In patients suffering from stroke after flight or altitude exposure, arriving at a definitive diagnosis (TIA or DCS) might be difficult. Under these conditions, in addition to standard medical treatment, HBOT should also be considered as a supportive treatment modality. Prompt treatment in accordance with US Navy Treatment can be beneficial in such cases. Diagnostic tests for ischemic cerebrovascular diseases should be performed concurrently. Resolution of symptoms after HBOT would confirm the diagnosis of DCS. Hence, HBOT would act as both a therapeutic and diagnostic measure.
In the absence of predisposing factors and lack of training in HBOT for physicians, the diagnosis of DCS can remain elusive. An awareness and strong suspicion are essential for the diagnosis and management of DCS. An early diagnosis and prompt referral for treatment would go a long way in decreasing the morbidity and mortality.
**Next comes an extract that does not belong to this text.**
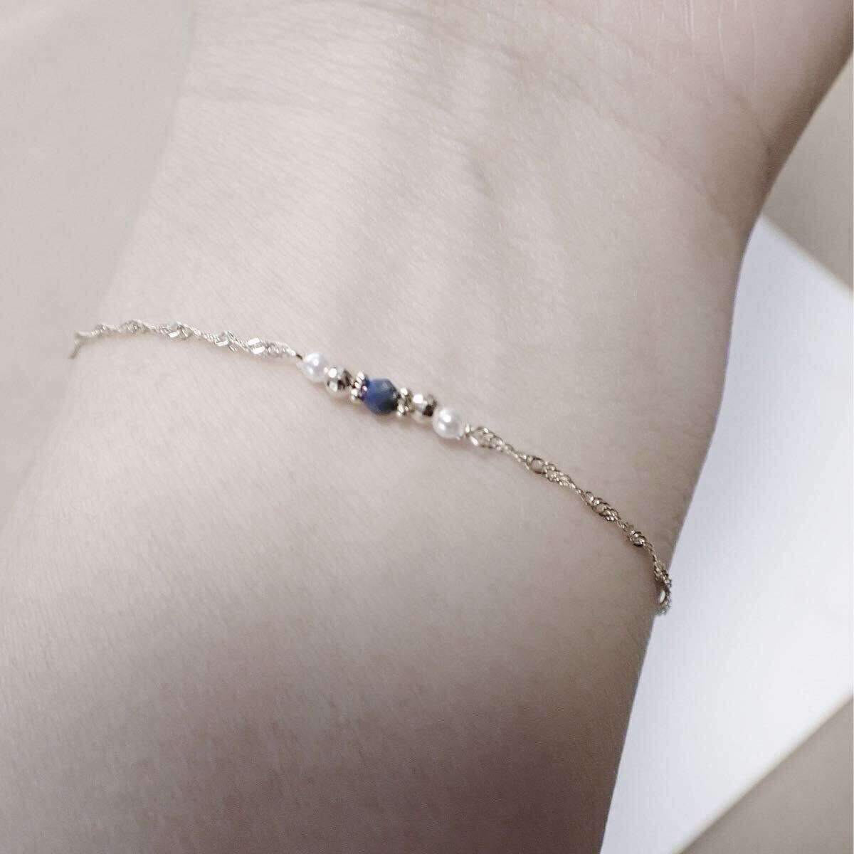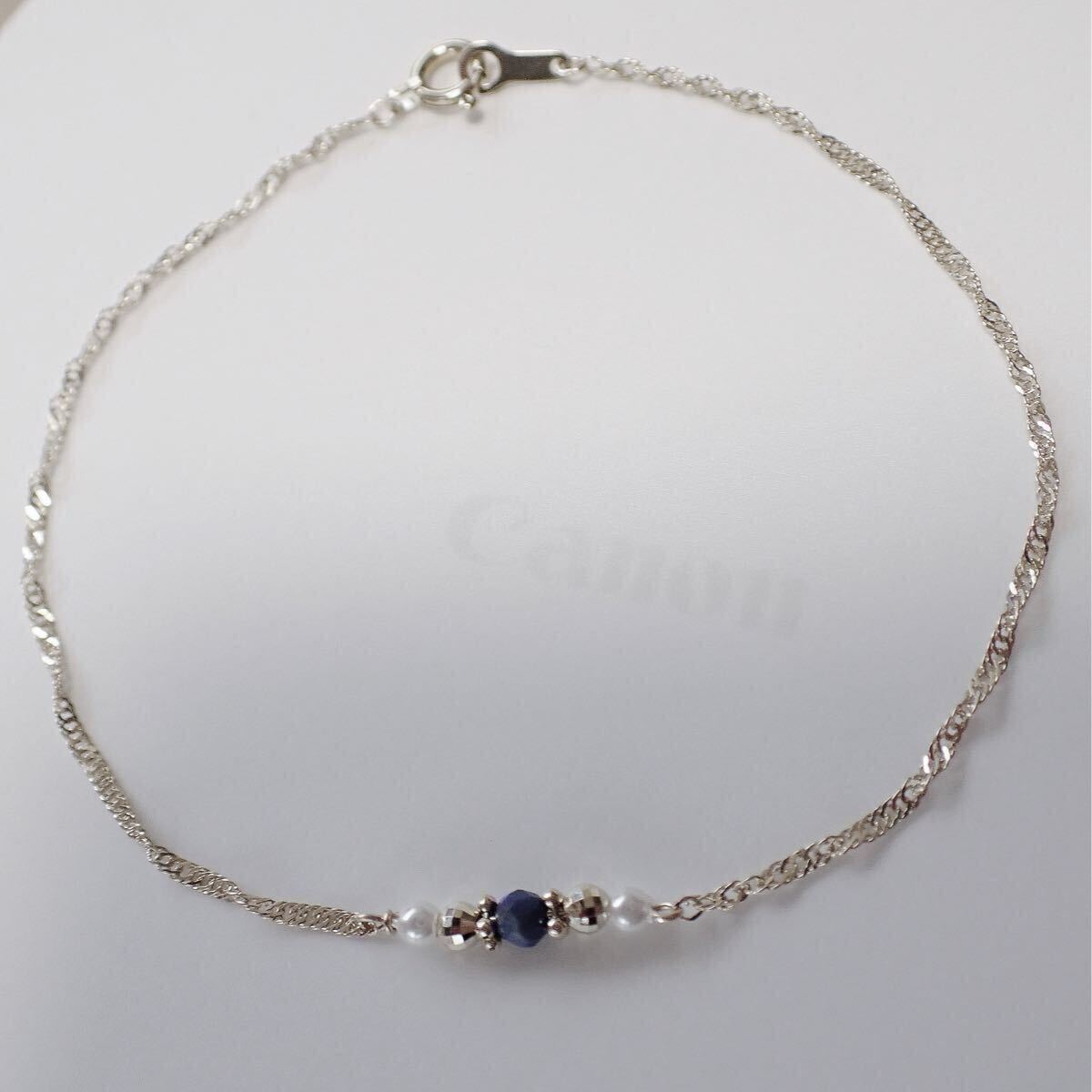 pt850 24cm プラチナ ラピスラズリブレスレット スクリューチェーン0.9mm ミラーボール2.5mm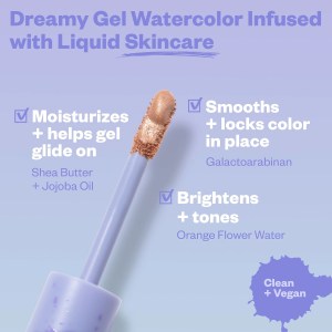 With its gel watercolor texture, this eyeshadow glides on effortlessly and feels lightweight on the lids. The unique formula is infused with liquid skincare ingredients that not only provide beautiful color but also nourish and care for your skin. The Galactoarabinan ingredient helps smooth the appearance of the skin, while Jojoba Oil soothes and balances. The Orange Flower Water brightens and tones the skin.

Declaration of patient consent
The authors certify that they have obtained all appropriate patient consent forms. In the form, the patient(s) has/have given his/her/their consent for his/her/their images and other clinical information to be reported in the journal. The patients understand that their names and initials will not be published and due efforts will be made to conceal their identity, but anonymity cannot be guaranteed.
Financial support and sponsorship
Conflicts of interest
There are no conflicts of interest.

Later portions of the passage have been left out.